Segment Open

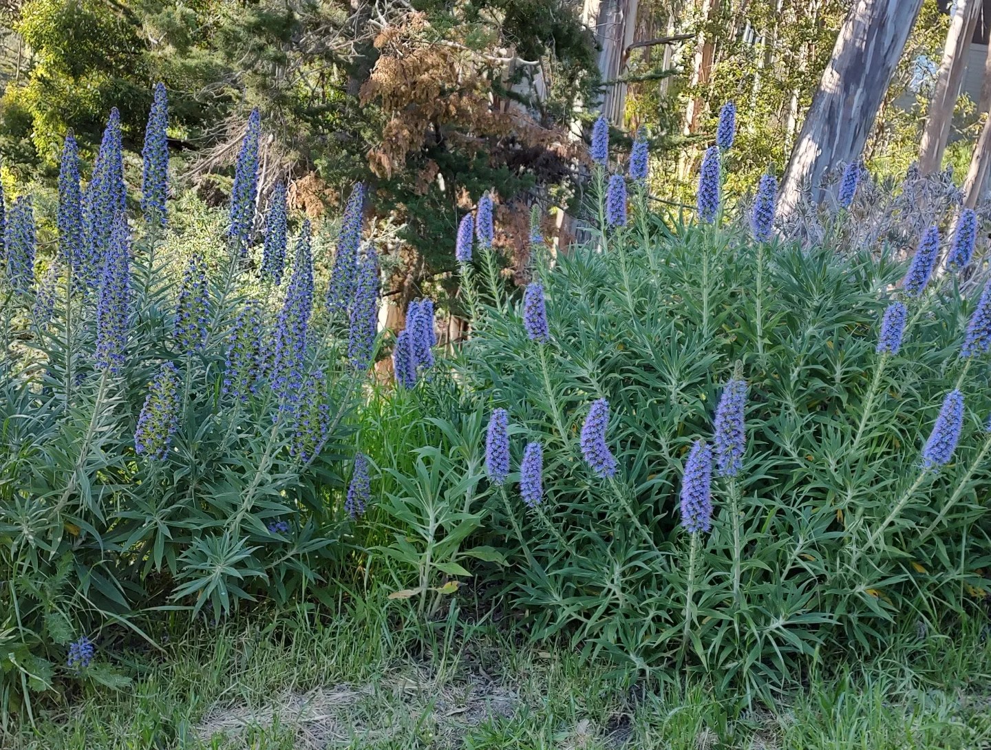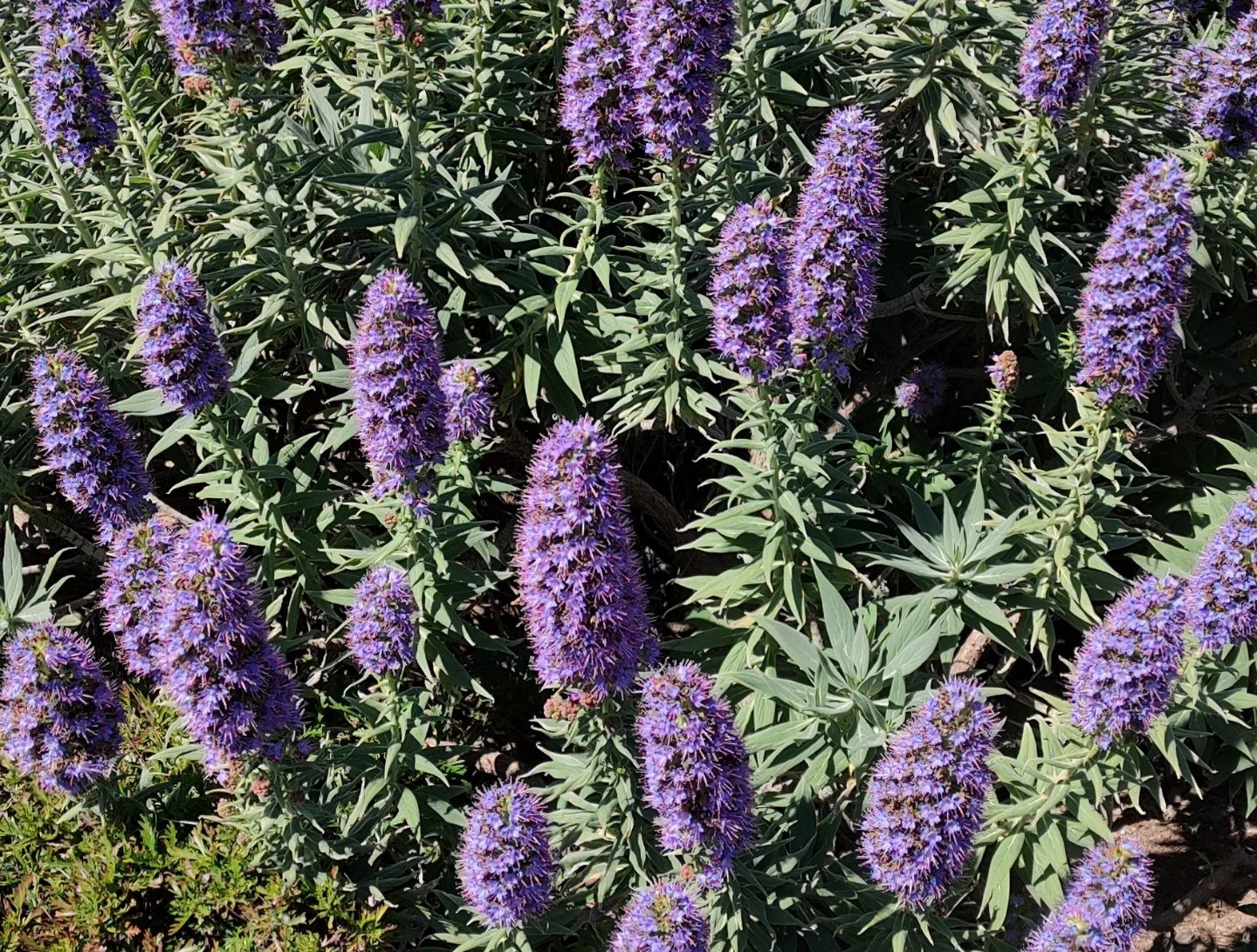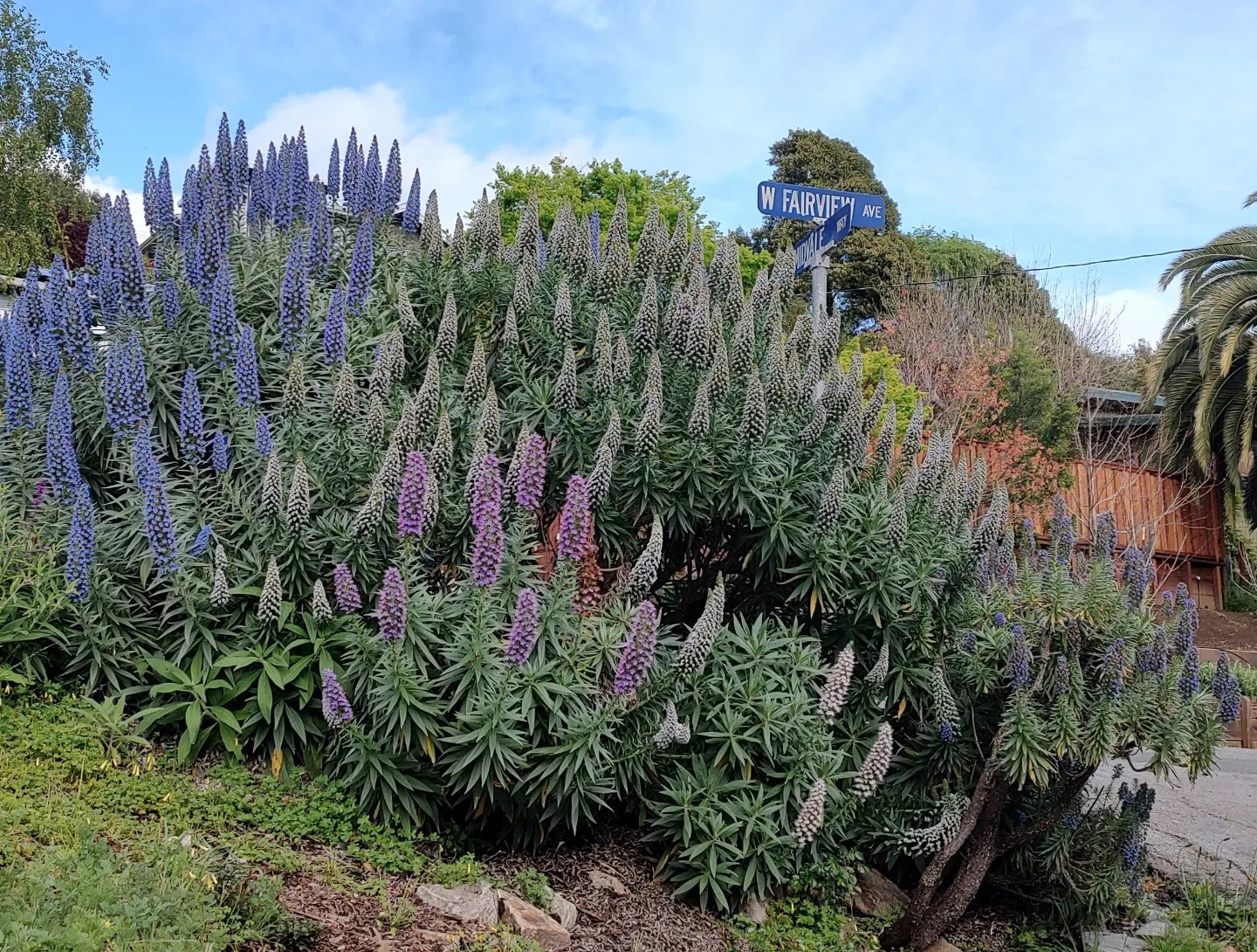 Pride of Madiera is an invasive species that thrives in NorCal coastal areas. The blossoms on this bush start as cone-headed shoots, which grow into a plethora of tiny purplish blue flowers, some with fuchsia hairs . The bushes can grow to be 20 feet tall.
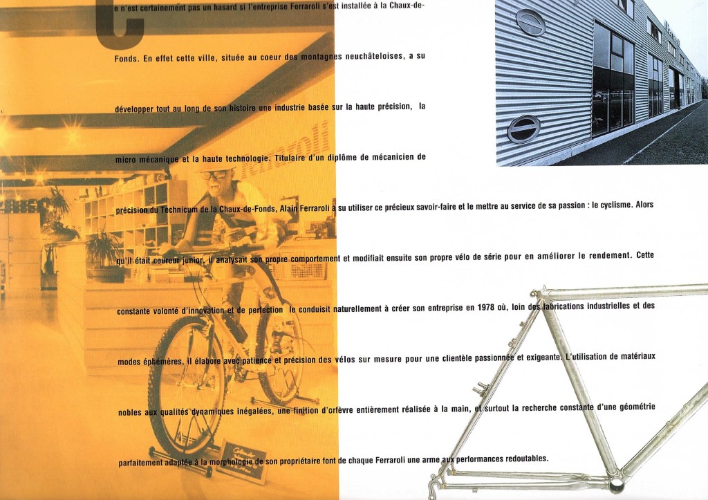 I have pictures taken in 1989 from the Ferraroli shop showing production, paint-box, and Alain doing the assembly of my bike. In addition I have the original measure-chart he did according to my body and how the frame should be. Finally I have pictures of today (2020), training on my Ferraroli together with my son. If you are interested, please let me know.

Segment Closed
Segment Open

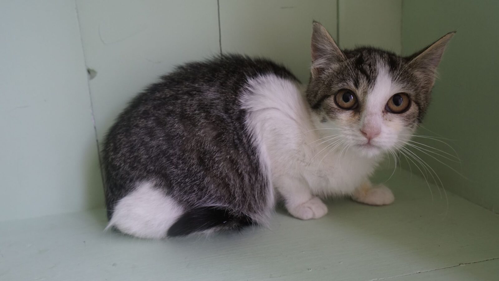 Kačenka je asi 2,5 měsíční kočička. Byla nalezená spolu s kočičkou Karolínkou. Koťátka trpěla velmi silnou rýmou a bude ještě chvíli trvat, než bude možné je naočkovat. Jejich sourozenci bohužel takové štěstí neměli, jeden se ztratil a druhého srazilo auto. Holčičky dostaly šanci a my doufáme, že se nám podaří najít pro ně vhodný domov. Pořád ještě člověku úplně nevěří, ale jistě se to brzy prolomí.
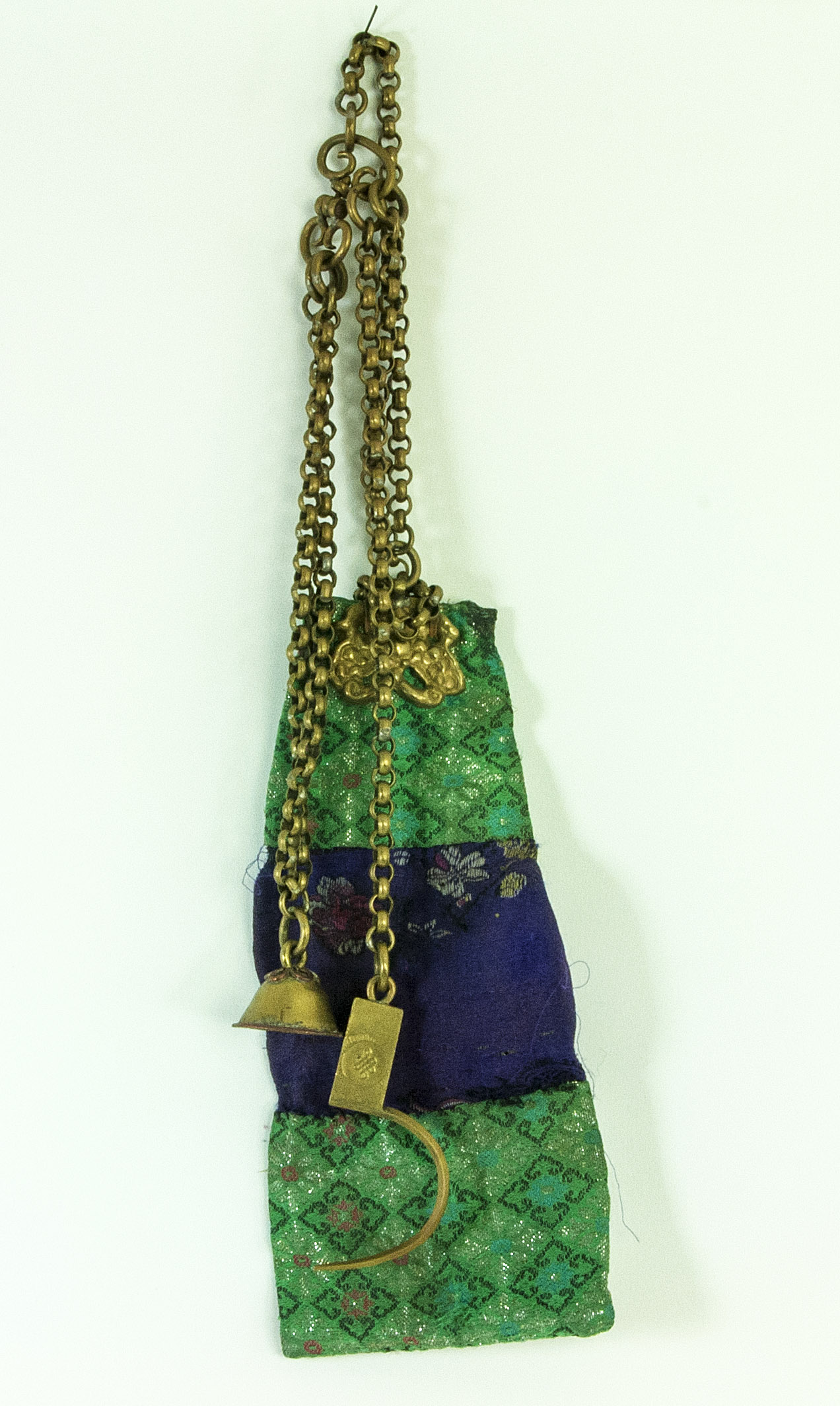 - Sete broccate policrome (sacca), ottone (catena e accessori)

Segment Closed

Required action: Nothing but the lines from the one with "Kačenka je asi" to the one with "- Sete broccate" above, both included, should be transcribed, exactly and without pictures.

Task response:
 Kačenka je asi 2,5 měsíční kočička. Byla nalezená spolu s kočičkou Karolínkou. Koťátka trpěla velmi silnou rýmou a bude ještě chvíli trvat, než bude možné je naočkovat. Jejich sourozenci bohužel takové štěstí neměli, jeden se ztratil a druhého srazilo auto. Holčičky dostaly šanci a my doufáme, že se nám podaří najít pro ně vhodný domov. Pořád ještě člověku úplně nevěří, ale jistě se to brzy prolomí.
 - Sete broccate policrome (sacca), ottone (catena e accessori)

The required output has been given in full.